9.3.12 Analyze the way in which a work of literature is related to the themes and issues of its
historical period. Example: Read selections that are connected to a certain period in
history, such as “The Legend of Sleepy Hollow” by Washington Irving and Our Town by
Thornton Wilder. Describe the role that the time period plays in these works and
analyze the author’s perspective on the period.
Many states, like Indiana, also have language learning standards for English as Second
Language learners at a variety of competency and grade levels (See examples at:
http://www.doe.state.in.us/lmmp/standards.html ).
MCREL (Mid-continent Research on Education and Learning) has developed similar
language arts standards and benchmarks based on a systematic analysis of several states’
academic standards.

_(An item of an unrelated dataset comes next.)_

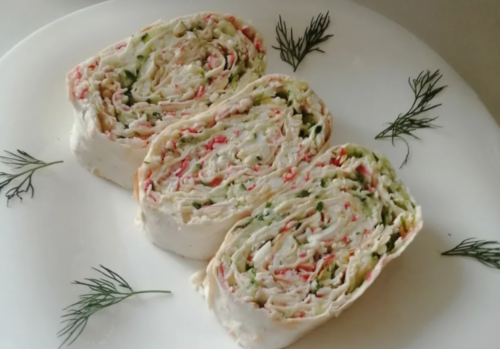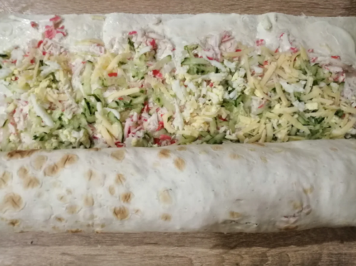 Положите второй лаваш и в той же последовательности выложите оставшиеся продукты. Скрутите лаваш в плотный рулет. Делайте это аккуратно.

The standards provide typical expectations for grades K-12. These
standards and benchmarks may be found at:
http://www.mcrel.org/standards-benchmarks/docs/process-english.asp
In addition to standards for literary analysis, English teachers must also address standards for
reading comprehension, writing, and oral presentation.
Young adult literature and assignments drawing from YA literature can be used as
vehicles for helping students achieve academic standards while at the same time helping to
develop a love of reading. In fact, during this time of heavy academic emphasis and testing,
assignments that draw upon literature relevant to students may be more important than ever for
developing and maintaining a love of reading.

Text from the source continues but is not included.